Quizás la frase más famosa del autor madrileño sea “yo soy yo y mi circunstancia”. Con ella
quería mostrar el carácter contextual del yo, carácter que había sido desdeñado desde el
cogito desnudo de Descartes. Para Ortega, el yo se presenta como existente, es decir, como el
sujeto central de todas las experiencias con las que nos hacemos conscientes de que vivimos.

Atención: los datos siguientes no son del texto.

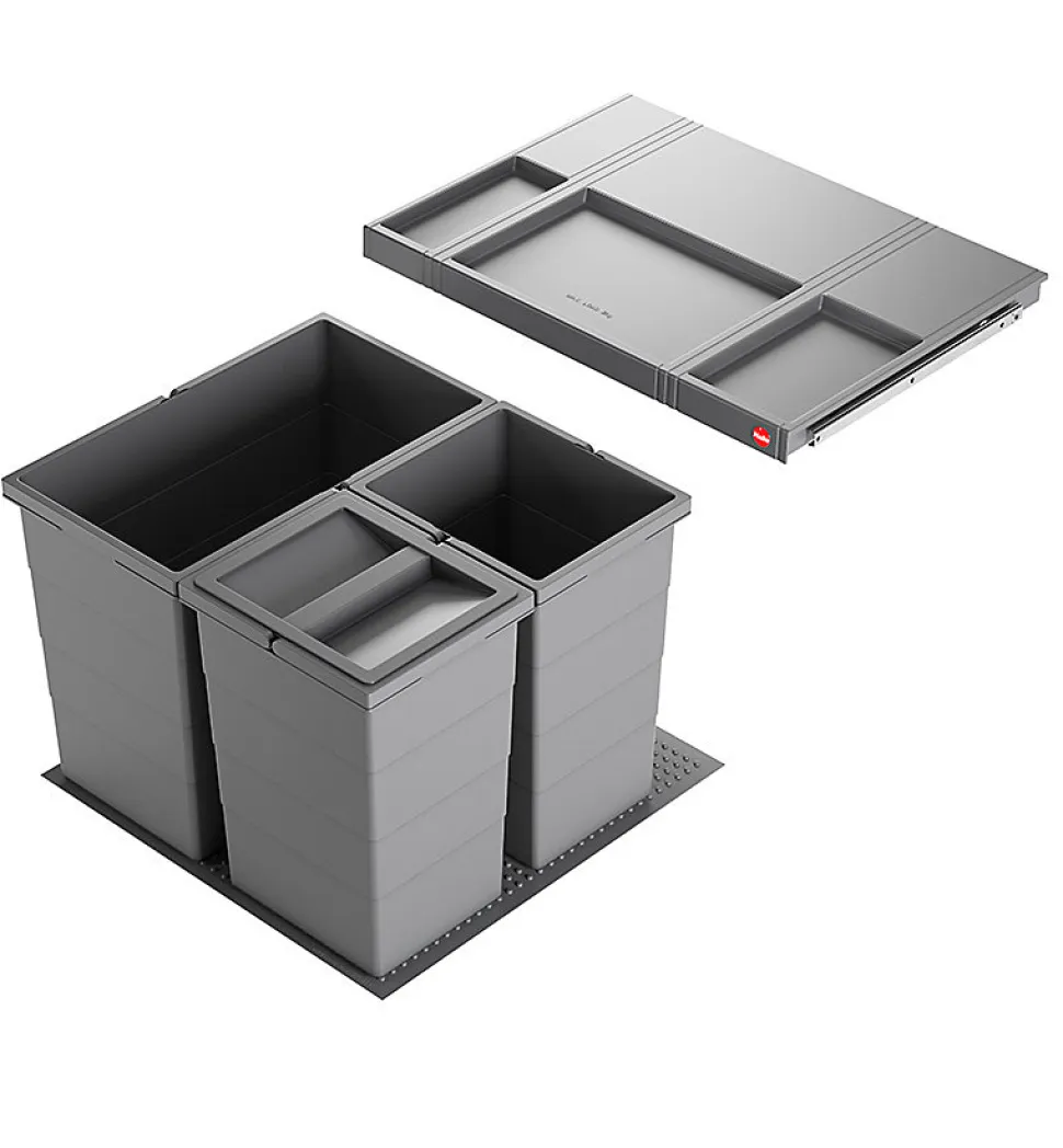 Poubelle de cuisine encastrable Hailo AS Allegro S350 28L + 2x13L – Gris anthracite – 1 bac de 28L et 2 bacs de 13L amovibles – Couvercle amovible avec rangements supérieurs – Tapis antidérapant et stabilisant pour les bacs – Nettoyage facile – Conçue pour meubles coulissants avec tiroir d&
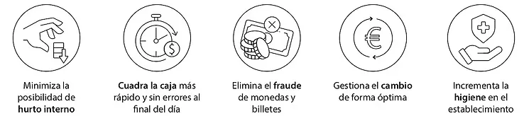 Una solución tecnológica inteligente y fiable que te aporta tranquilidad al minimizar los hurtos internos y con la que ganas tiempo al acabar con los interminables cuadres de caja.
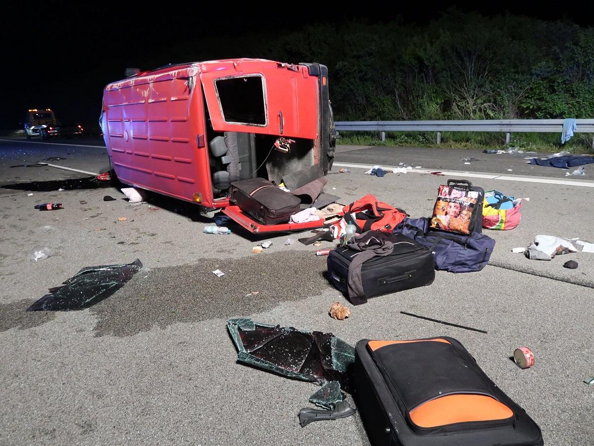 Imagini sfâșietoare de la microbuzul cu 10 români răsturnat în Germania: pantofi, mâncare și bagaje s-au împrăștiat pe șosea | Imaginea 2 din 9 | Galerie Foto
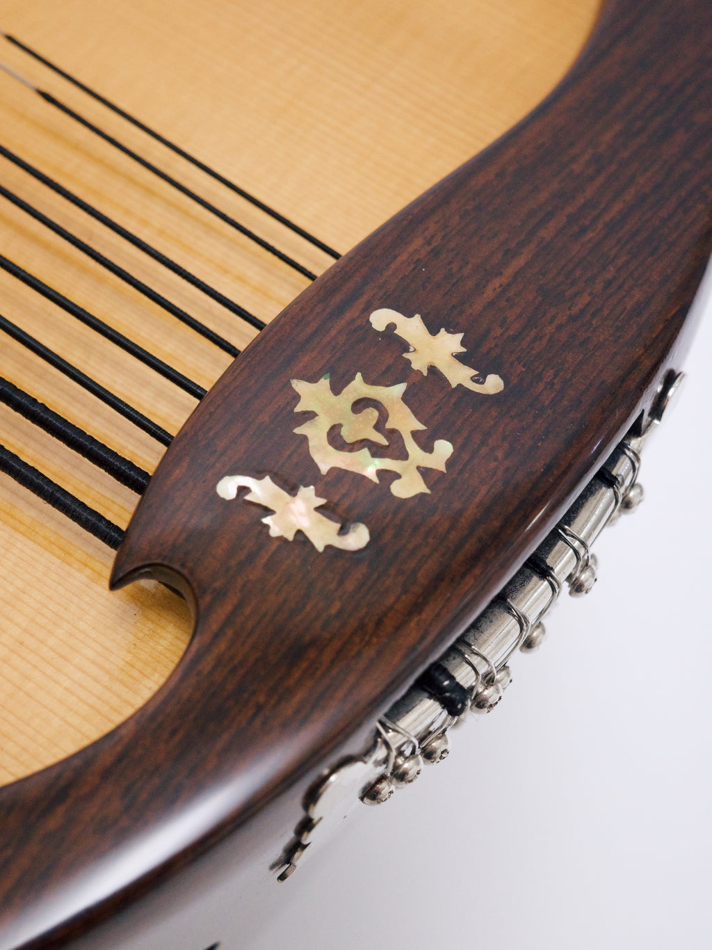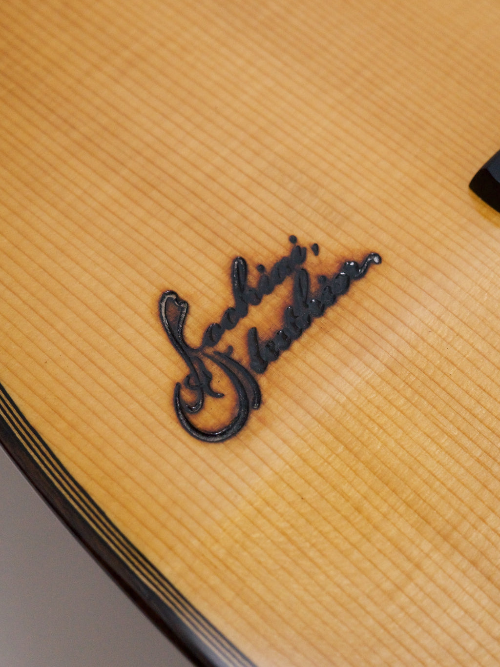 「DS-2」を元にローズウッドボディを採用し、表板には落合工房の焼き印、アームガードにはオリジナルの貝装飾が入っています。
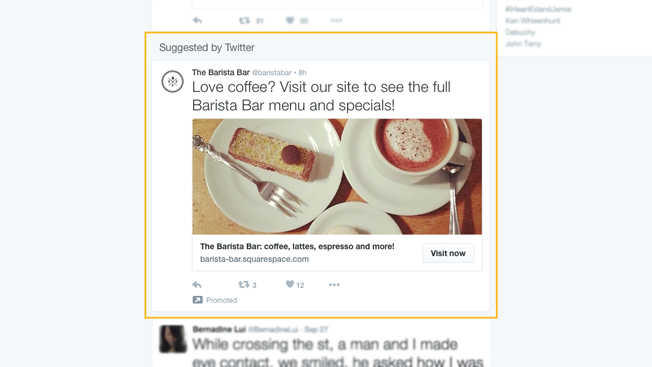 รายงานจากสำนักข่าว Adweek ระบุว่า Twitter ได้เริ่มทดสอบโฆษณาทั้งประเภท promoted tweet และวิดีโอบนแพลตฟอร์มสำหรับผู้ที่ไม่ได้ลงชื่อใช้งาน Twitter โดยจุดมุ่งหมายหลักคือการเปิดทางให้นักการตลาดสามารถเข้าถึงกลุ่มคนได้เกินกว่ากลุ่มสมาชิก Twitter ซึ่งปัจจุบันมีสถิติที่ราว 500 ล้านคนต่อเดือน
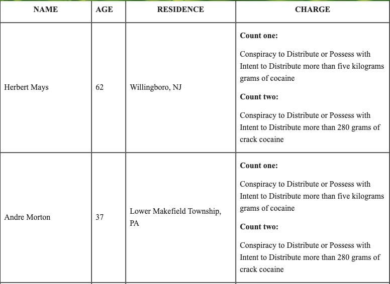The first complaint charges 20 defendants in two overlapping drug conspiracies involving the distribution of cocaine and crack cocaine. This organization is allegedly operated by Herbert Mays of Willingboro, according to the release.
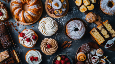 An assortment of various desserts, including cupcakes, bundt cakes, and pastries, arranged on a dark table, creating a delicious and inviting scene.
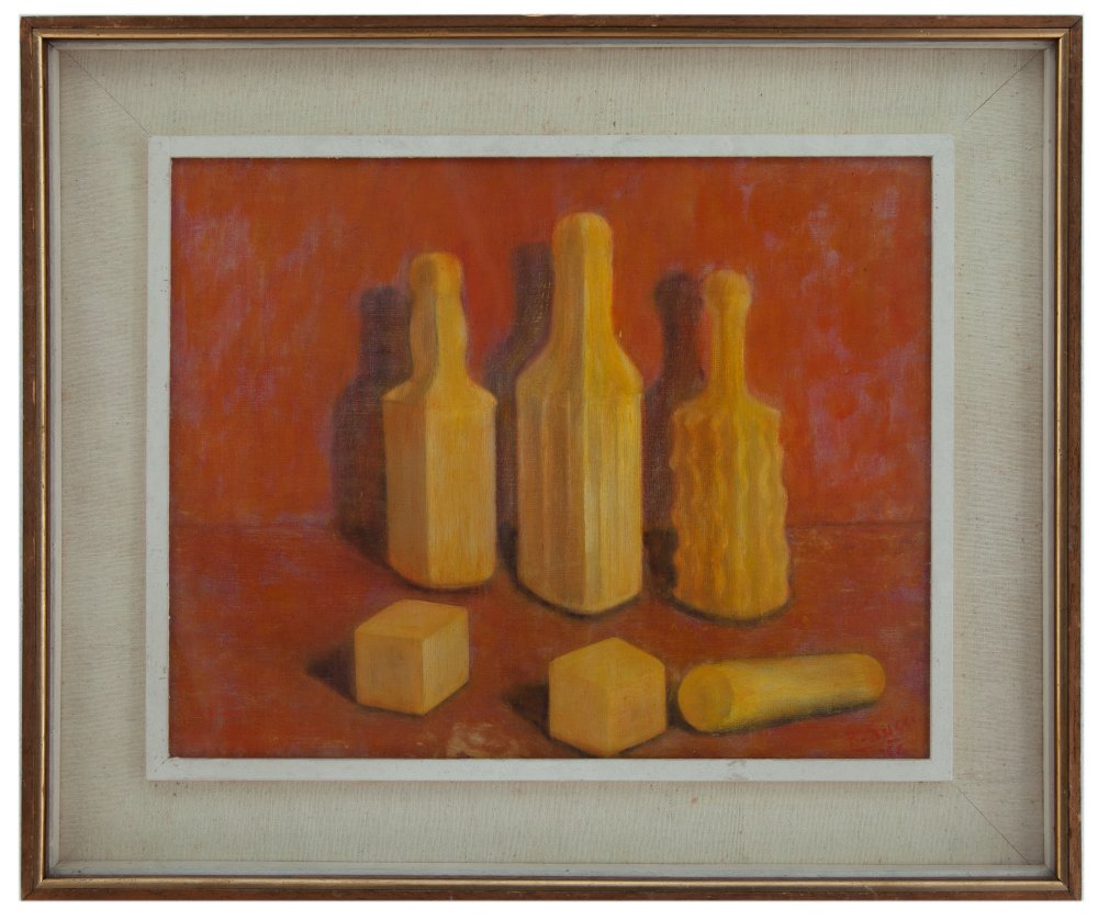 Pio Succi Nizza Monferrato (AT) 1929 - 2007 Natura morta con bottiglie Olio su tela cm 40x50 firmato in basso a dx datato 1966
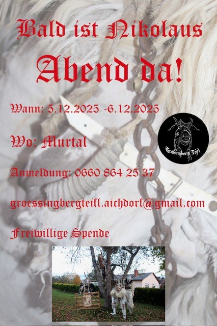 Am 5. und 6. Dezember 2025 sind die Größingberg Teifl wieder überall im Murtal unterwegs. Interessierte können sich unter 0660 / 864 25 37 oder per E-Mail an groessingbergteifl-aichdorf@gmail.com anmelden.
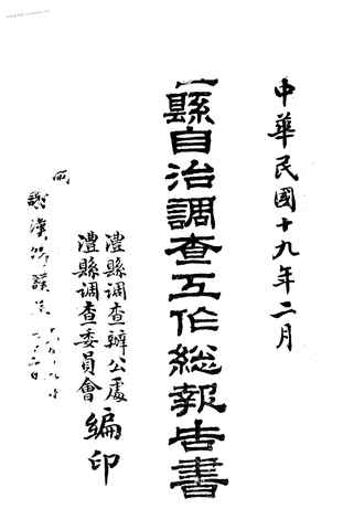 | 网盘路径:/时光图书馆珍藏系列/书籍文件/老图书/《澧县自治调查工作总报告书》电子版合集.db | ||

El yo orteguiano es el centro del acto vital, en tanto que busca y dota de sentido a todo lo que
le rodea. A su vez, lo que rodea al yo, también lo constituye como entidad real. Esto que rodea
y hace posible al yo es lo que Ortega denomina circunstancia, que no debemos entender como
el conjunto de cosas y lugares en donde se sitúa el sujeto sino que es todo lo que construye la
existencia cotidiana y concreta del yo: condiciones materiales, personas, afectos, recuerdos,
coyuntura social, etc. Esta circunstancia plantea al hombre diversos problemas, uno de ellos
es: ¿cómo salvaguardar al yo, sumergido en circunstancias accidentales y cambiantes? Para
dotar de sentido y salvar al yo y a sus circunstancias el hombre inventa la técnica, el arte, la
filosofía, etc.
Otra idea influyente de Ortega fue su concepto de “razón vital”. Con ella pretende superar
la parcialidad tanto de autores anteriores que habían concebido a la vida como realidad
desnuda y radical (vitalismo), como de otros que habían analizado al mundo y al hombre desde
la visión plana de la mera comprensión (racionalismo). El filósofo español establece que,
efectivamente, la vida es una realidad radical, algo que subyace a todo lo existente, incluso el
racionalismo científico, así como el arte o la filosofía, deben partir del sujeto vital, del hombre
concreto –el “hombre de carne y hueso”, que decía Unamuno- que vive y siente su
circunstancia. Pero además de esto, Ortega y Gasset reconoce a la vida como una realidad
comprensible, razonable pero no agotable por la misma razón. En definitiva, intentar
comprender la totalidad vital con la razón es tan irracional como considerar que la vida es
totalmente ajena a la razón. De hecho la razón se va construyendo históricamente como
expresión y desarrollo de la vida.
Actualmente en el panorama filosófico español destacan varias figuras, entre las que podemos
citar a Victoria Camps (1941) y Fernando Savater (1947).